# Paddle raft on Westwater?



## climbdenali (Apr 2, 2006)

Should be totally reasonable to paddle Westwater vs rowing it.


----------



## wsmckinney (Jun 21, 2010)

*Actually....*

It is actually more fun to paddle boat er'...


----------



## Flohotter (Jun 22, 2010)

We have a paddle boat going on our upcoming trip. My only concern is how they will handle the infamous 'W' ... if it comes up.


----------



## DanCan (Jul 22, 2011)

If you can put all the gear in the oar rigs then take the paddle raft. We do it all the time... couple of oar rigs carrying the gear and a paddle raft carrying all those that want to go swimming in Skull 

DanCan


----------



## BCJ (Mar 3, 2008)

Paddle, paddle, paddle. Check water temp and have neoprene or drysuits, though, if you want to be comfortable. If neoprene, also have splash gear for wind-chill protection.


----------



## lmaciag (Oct 10, 2003)

I normally row a gear boat on Westwater, but I bought a little 11' raft last year and we thought it would be fun to R2. Neither of us had R2'd before and it was a ton of fun. Carried a little bit of gear and had a motor on one of the other rigs for the float out. We went big on everything but for Skull and had a blast.


----------



## BrianK (Feb 3, 2005)

Went on a 4 person westwater trip last fall with two kayaks and two rafters R2ing - one of which had never rafted before. We loaded the raft down as much as possible for a single night trip, and the R2 did fine. As long as one of the two rafters is competent you'll be ok.


----------



## Schutzie (Feb 5, 2013)

?
Given the "choice", why would one row Westwater?
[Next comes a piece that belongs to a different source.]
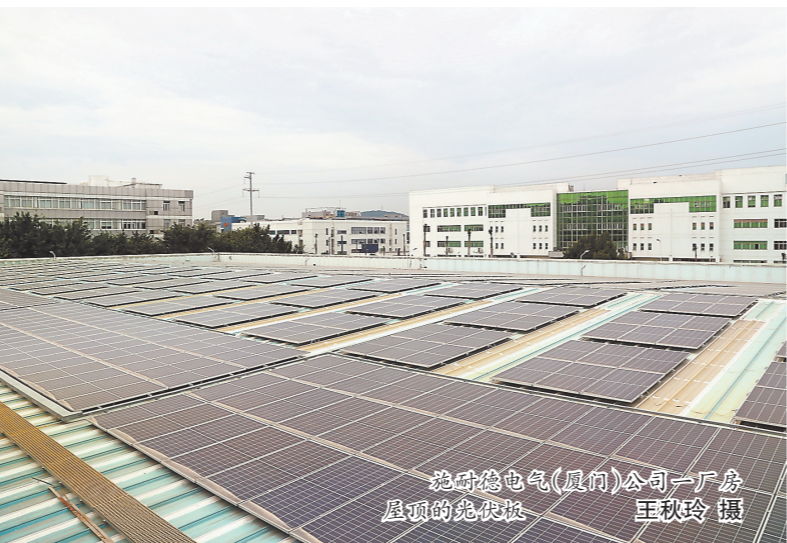
火炬高新区屋顶的太阳能光伏板。

通过智能灌溉系统提高灌溉效率,每年可节约水资源5000吨;厂房屋顶变身“发电站”,企业每年享受节约电费超7万元等的“阳光福利”……透过一个个实实在在的数据,厦门火炬高新区绿色低碳园区建设背后的“绿色密码”变得生动可感。

Paddle it dude, discover your inner child.


----------



## Stiff N' Wett (Feb 18, 2010)

I think paddling it would be awesome except the paddle out on a windy day.


----------



## freeheeltim (Mar 3, 2009)

I've done it in a paddle boat. In October. In a snowstorm. With fierce upstream winds. As a day trip. Actually, it was my first real raft trip. And then I became a commercial guide/HB for 10 years. It was awesome. Do it!


----------



## bheezy (Feb 23, 2012)

Thanks guys! I really appreciate your input.


----------



## RiverCowboy (Mar 14, 2011)

Go ahead and paddle. I've run R3, single day in April and October with no problems except for running out of beer before Cisco.


----------



## Don (Oct 16, 2003)

*R-2*

Skip the Raft and grab a Shredder. They're big black and real fast.

PS- they due fine in the wind.


----------



## freeheeltim (Mar 3, 2009)

^^^This. Shredder FTW! Although my aforementioned experience in a paddle raft was "awesome", it also kinda sucked. It was a long paddle. With more water it would've been shorter. We were gassed, and cold by the time we hit Cisco.


----------